Everything else is gaslight
A favorite expression of audiophiles –particularly during the early period, when they were comparing both vinyl LP and CD versions of the same recordings– was: "It is as though a veil has been lifted from the music". Or, in the words of the famous Austrian conductor Herbert von Karajan, when he first heard CD audio: "Everything else is gaslight". Von Karajan was fond of the gaslight metaphor: he first conducted Der Rosenkavalier in 1956 with the soprano Elisabeth Schwarzkopf. Later, when he revived the opera in 1983 with Anna Tomowa, he referred to his 1956 cast as "gaslight", which rather upset Schwarzkopf. Philips and Sony settled the introduction of the new product to be on November 1, 1982. The moment the ink of the “Red Book”, detailing the CD specifications, was dry, the race started, and hundreds of developers in Japan and the Netherlands were on their way. Early January 1982 it became clear that Philips was running behind, the electronics was seriously delayed, and they asked Sony to postpone the introduction. Sony rejected the delay, but agreed upon a two-step launch. Sony would first market their CD players and discs in Japan, where Philips had no market share, and half a year later, March 1983, the worldwide introduction would take place by Philips and Sony. Philips Polygram could supply discs for the Japanese market. This gave Philips some breathing space for the players, but not enough, as in order to make the new deadline, the first generation of Philips CD players was equipped with Sony electronics.

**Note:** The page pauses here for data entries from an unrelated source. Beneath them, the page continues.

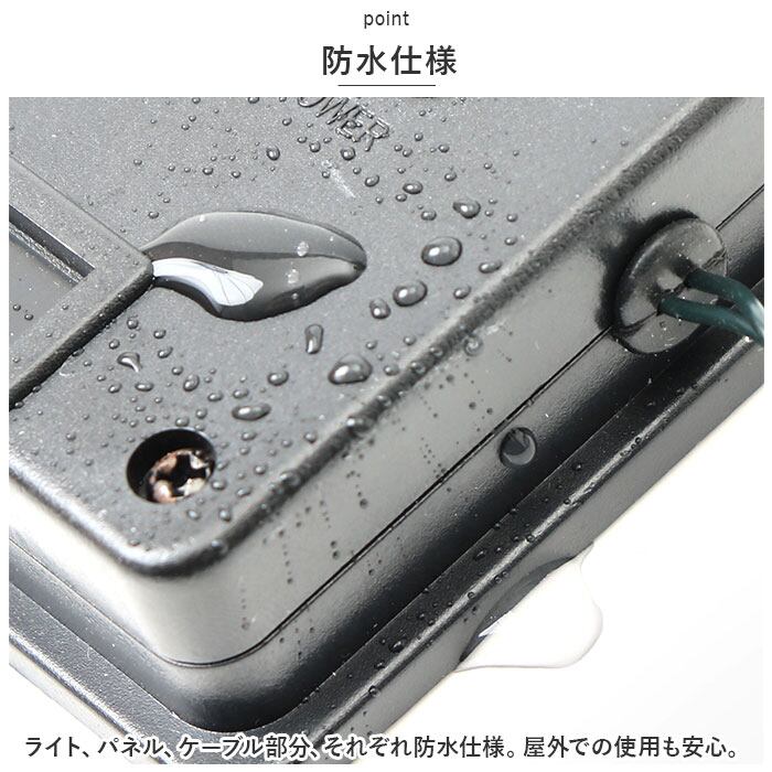 ・ライト、パネル、ケーブル部分、それぞれ防水仕様。屋外での使用も安心。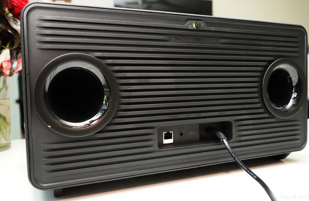 Đến với mặt sau chúng ta sẽ có 2 cổng thoát hơi bass-port, việc này sẽ giúp cho loa có được dải bass uy lực, độ thoát tốt với độ động cao, hạn chế nhiễu méo hài âm ở dải trầm. Khu vực ở giữa phía trên là nút gạt tắt mở tính năng ra lệnh bằng giọng nói cho trợ lý ảo Google Assistant hay Alexa.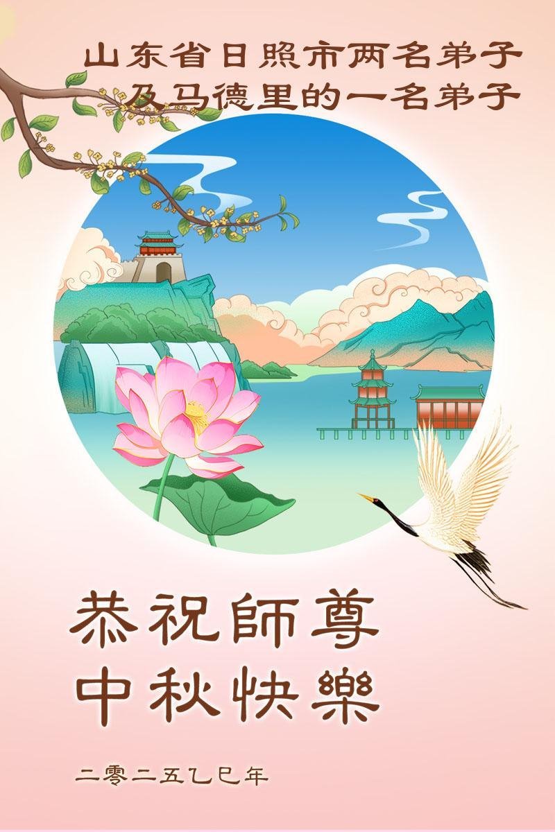 (Minghui.org) Zum Mittherbstfest senden Falun-Dafa-Praktizierende aus aller Welt Glückwünsche und Grußkarten an die Minghui-Website. Damit wünschen sie dem verehrten Meister Li Hongzhi respektvoll ein frohes Fest und danken für die Lehre des Falun Dafa mit den universellen Werten Wahrhaftigkeit, Güte und Nachsicht.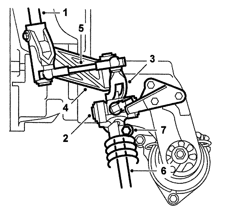Between the selector shaft (1) in the gearbox and the "rubber universal joint" (2) is a linkage which transfers torsional and shear forces from the gear lever to the selector shaft. The selector rod lever (3) is mounted via a link in a bracket in the rear engine mounting. The plastic link (4) is axially linked to the selector rod and radially mounted in the selector rod lever. The plastic link transfers the shear and tensile forces to the selector shaft in which it is axially mounted. The lever is fixed to, and transfers the selector rod's torsional forces via, the parallel link (5) to the lever which is fixed to the selector shaft and axially mounted in the plastic link.

The first CD players cost over $2000, but just two years later it was possible to buy them for under $350. Five years after the introduction, sales of CD were higher than vinyl LPs. Yet this was no great achievement, as in 1980 sales of vinyl records had been declining for many years although the music industry was all but dead. A few years later, the Compact Disc had completely replaced the vinyl LP and cassette tape. Compact Disc technology was ideal for use as a low-cost, mass-data storage medium, and the CD-ROM and record-once and re-writable media, CD-R and CD-RW, respectively, were developed. Hundreds of millions of players and more than two hundred billion CD audio discs were sold.
About the author:
Dr. Kees A. Schouhamer Immink worked from 1968 till 1998 at Philips Research Labs, Eindhoven. In 1998, he founded Turing Machines Inc, where he currently serves as its CEO and president. Since 1994, he has been an adjunct professor at the Institute for Experimental Mathematics, Essen-Duisburg University, Germany, and a visiting professor at the Data Storage Institute in Singapore.
Further reading
[1] M.G. Carasso, W.J. Kleuters, and J.J Mons, Method of coding data bits on a recording medium (M3 Code), US Patent 4,410,877, 1983.

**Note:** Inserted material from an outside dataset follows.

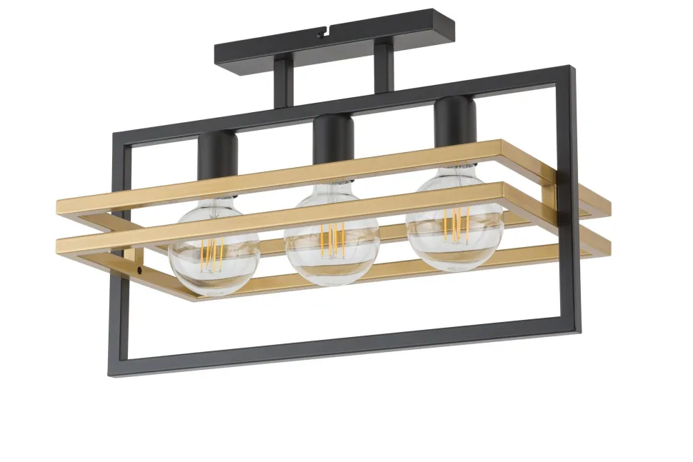 Die von zwei Rahmen in Gold umgebenen Leuchtmittel sind frei sichtbar – diese bestimmen maßgeblich den Look der Leuchte mit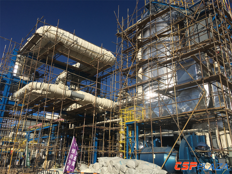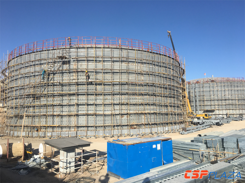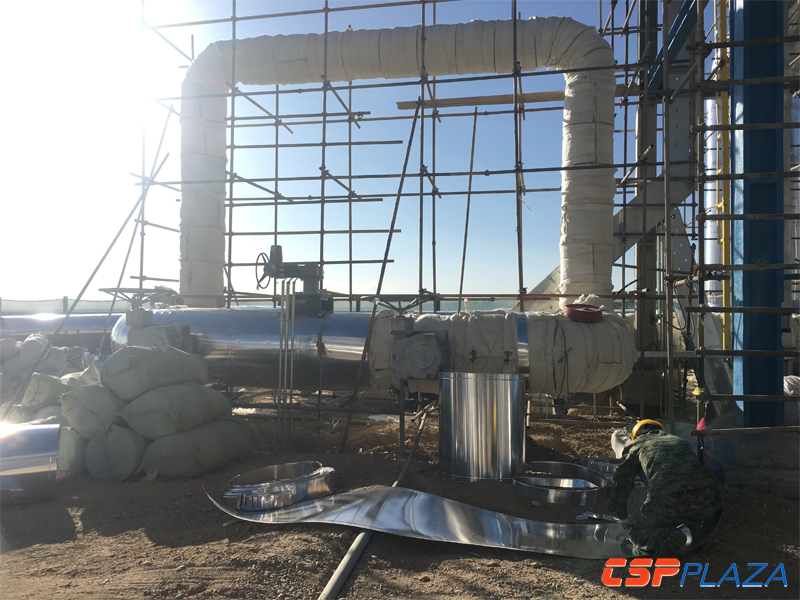 據現場了解,該項目的鏡場已完成安裝約90%,其中集熱管安裝完成接近80%;傳儲熱部分(除蒸汽管道外)的導熱油管道系統已經基本完成安裝;儲熱罐罐體正在作保溫施工,采用電伴熱和保溫材料,預計12月下旬可完成儲罐的整體建設;常規島部分,正在安裝汽輪發電機組,其它設備安裝工作已基本結束。

[2] T. Doi, T. Itoh, and H. Ogawa, A Long-Play Digital Audio Disk System, AES Preprint 1442, Brussels, Belgium, March 1979.
[3] K.A.S. Immink and H. Ogawa, Method for Encoding Binary Data (EFM), US Patent 4,501,000, 1985.
[4] T. Kretschmer and K. Muehlfeld, Co-opetition in Standard-Setting: The Case of the Compact Disc, //papers.ssrn.com/sol3/papers.cfm?abstractˍid=618484
[5] J.W. Miller, DC Free encoding for data transmission (M2 Code), US Patent 4,234,897, 1980.
[6] K. Odaka, Y. Sako, I. Iwamoto, T. Doi, and L. Vries, Error correctable data transmission method (CIRC), US Patent 4,413,340, 1983.
[7] The inventor of the CD, Philips’ historical website: //www.research.philips.com/newscenter/dossier/optrec/i ndex.html
[8] Our contributions are equal, Sony’s historical website: www.sony.net/Fun/SH/1-20/h2.html
[9] L.B. Vries, The Error Control System of Philips Compact Disc, AES Preprint 1548, New York, Nov. 1979.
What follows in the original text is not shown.